Había empujado muchas veces su silla de ruedas. Juntos habían explorado los caminos apartados de las afueras de la ciudad. Había crecido enormemente, esta ciudad. Hace veinte años, incluso hace doce, cuando llegó por primera vez aquí aún inexperto y pensando que lo sabía todo, se la podía reconocer como una ciudad francesa de provincias con el sabor de los años anteriores a la guerra intacto en su mayor parte. No solamente había doblado su tamaño desde entonces, sino que había cambiado radicalmente: se había convertido en una ciudad europea. Ahora era mucho más anónima, sin sabor, un lugar que podía estar en cualquier sitio, pero fue un cambio para mejorar. Le había gustado —y aún le gustaba— el viejo corazón medieval y la grandiosidad renacentista del antiguo ducado, pero no le había gustado nada la ridícula mentalidad de la monumental ciudad del siglo diecinueve, dedicada al mal gusto y a la mezquina avaricia. Francia se ha vuelto irreconocible, pensó, al salir del coche; salir era aún peor que entrar. Esto ya no es una ciudad de provincias. Se ha convertido en una gran ciudad, casi una metrópoli, una capital regional de una grande, variada e interesante parte de Europa. Su mitad inferior ya no está paralizada. Se mueve, piensa, flexiona los músculos; es un buen lugar.
Lasserre le miró sin especial alegría. ¿Qué estaba haciendo aquí? No había nada útil que pudiera hacer, se le suponía un héroe fuera de servicio, no entraba dentro del esquema organizativo de Lasserre, podía perfectamente volverse a casa y meterse en la cama. Lasserre había estado levantado toda la noche. Había reunido todos los hilos en su mano, desatados, y corriendo suavemente como riendas entre sus dedos. No, aún no habían cogido a Goltz. Pero estaban completamente seguros de que no había conseguido escapar.
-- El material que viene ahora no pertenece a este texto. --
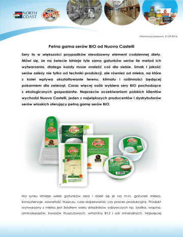 Informacja prasowa 21.09.2016 Pełna gama serów BIO od Nuova Castelli Sery to w większości przypadków nieodzowny element codziennej diety. Mówi się, że na świecie istnieje tyle samo gatunków serów ile metod ich wytwarzania, dlatego każdy może znaleźć coś dla siebie. Smak i jakość serów zależy nie tylko od techniki produkcji, ale również od mleka, na które z kolei wpływa ukształtowanie terenu, klimatu i roślinności będącej pokarmem dla zwierząt. Coraz więcej osób wybiera sery BIO pochodzące z ekologicznych gospodarstw. Naprzeciw oczekiwaniom polskich klientów wychodzi Nuova Castelli, jeden z największych producentów i dystrybutorów serów włoskich oferujący pełną gamę serów BIO. Na rynku istnieje wiele gatunków sera i dzieli się je na m.in. gatunek mleka, konsystencje, zawartość tłuszczu, czas dojrzewania, czy proces produkcyjny. Produkt wytwarzany z mleka jest źródłem wielu składników odżywczych np. białka, wapna, aminokwasów, kwasów tłuszczowych, witaminy B12 i soli mineralnych. Najwięcej Informacja prasowa 21.09.2016 wartości odżywczych mają sery wytwarzane w sposób ekologiczny, gdzie produkcja oparta jest na wysokiej jakości surowcu, czyli mleku. Zwraca się dużą uwagę na to, gdzie dające mleko zwierzęta żyją i czym się żywią. Pełną gamę serów BIO wytwarzanych z mleka pochodzenia ekologicznego oferuje Nuova Castelli. Wybrane sery mają również certyfikat DOP (Chroniona Nazwa Pochodzenia), co oznacza, że ser od początku do końca produkcji przechodzi przez wszystkie fazy na jednym obszarze, np. Gorgonzola i Parmigiano Reggiano. Oryginalne włoskie kremowe sery w Polsce dostępne są na półkach sklepów sieci Piotr i Paweł oraz w wybranych sklepach E.Leclerc. Zwolennicy serów BIO znajdą delikatną Mozzarellę i Gorgonzolę, które powszechnie używane są do wszelkiego rodzaju sałatek, pizzy i makaronów. Do past idealnie nadaje się świeża Ricotta, która jest również lekkostrawną nietłustą alternatywą dla twarogu, używana jako zagęszczacz do sosów, ale też idealna do deserów. Miłośnicy słodkości mogą użyć do Tiramisu serka BIO Mascarpone. W asortymencie dostępnych produktów znajduje się również ser Parmigiano Reggiano, zarówno w kawałku, jak i w formie tartej. Produkty Nuova Castelli są sprzedawane zarówno pod marką własną, jak i pod markami sieci handlowych m.in. Tesco, Auchan, Carrefour, E.Leclerc, Intermarche. Świadczy to o wysokiej jakości produktów, silnej reputacji i wizerunku rzetelnego oraz godnego zaufania partnera, jaki firma osiągnęła wśród największych sieci dystrybucji we Włoszech i za granicą. *** North Coast SA Firma North Coast została założona w 1992 roku. Siedziba spółki znajduje się w Pruszkowie pod Warszawą. Od początku działalności North Coast SA specjalizuje się w dystrybucji wysokogatunkowych produktów spożywczych pochodzących głównie z Włoch. W portfelu produktów North Coast można znaleźć m.in. produkty suche (np. oliwa z oliwek, makaron, ryż), produkty świeże (np. włoskie sery, nadziewany makaron czy desery), produkty mrożone (np. różnego rodzaju makarony, przepyszne włoskie desery), napoje (kawa, woda, wino) oraz profesjonalne ekspresy do kawy i osprzęt. W chwili obecnej firma importuje do Polski produkty wytwarzane przez ponad 70 czołowych producentów markowych wyrobów spożywczych. Dzięki dobrze rozmieszczonym magazynom, North Coast dociera Informacja prasowa 21.09.2016 do klientów w całej Polsce. Wśród nich znajdują się sklepy wielkopowierzchniowe, tzw. nowoczesna dystrybucja, sieci sklepów delikatesowych, niezależne sklepy detaliczne oraz klienci rynku HoReCa. Od 2015 roku North Coast SA weszła do Grupy Nuova Castelli, jednego z największych producentów i eksporterów włoskich serów, aby połączyć siły i wspólnie budować pozycję lidera i eksperta propagującego włoską tradycję kulinarną na polskim rynku. Kontakt Agencja Tauber Promotion Mariusz Skowronek Marika Żołądek-Banaś Tel. 22 833 35 02 tel. 22 833 23 88 Kom. 698 612 866 Kom. 502 831 620 [email protected] [email protected]

El lugar estaba sellado y Goltz embotellado. Las cosas habían quedado en suspenso temporalmente mientras se cambiaban los turnos y se relevaba a los policías que habían estado de servicio. Eran tan sólo las siete y media. Antes de las ocho llegarían Richard y Cantoni, se darían todas las explicaciones necesarias y él, Lasserre, que lo había planificado todo, sector por sector se había asegurado de que era infalible, se iría a casa, a la cama. De todas maneras, nadie le daría las gracias; nunca se las daban. Castang haría bien en irse a casa, también; no había nada que pudiese hacer, carreteando su estómago por todas partes como un pingüino con exceso de peso.
—¿Qué hay del hermano?
—¿El hermano de quién? ¿De Goltz? No seas imbécil, fue uno de los primeros sitios que comprobamos. Ridículo, no se han visto o hablado el uno al otro durante treinta años. ¿Qué tendría un hombre así en común con el revisor de tren? Uno de los chicos de Cantoni estuvo allí, registró la casa y el vecindario, naturalmente, pero pura rutina, se podía ver que estaban asombrados. Se me ocurre que son totalmente respetables y que pretenden continuar siéndolo. «No le hemos visto ni tenemos intención» dijo la esposa. Si se les cruzara en su camino, le apartarían. Pero no lo hará. Sabe perfectamente que no sacará nada de ahí.
—¿Dónde viven? —preguntó por vana curiosidad.
—Allá en Saint-Loup. Desaparece, Castang, ¿quieres?; si Richard te encuentra aquí, me culpará a mí.
—De acuerdo —dijo Castang, suavemente.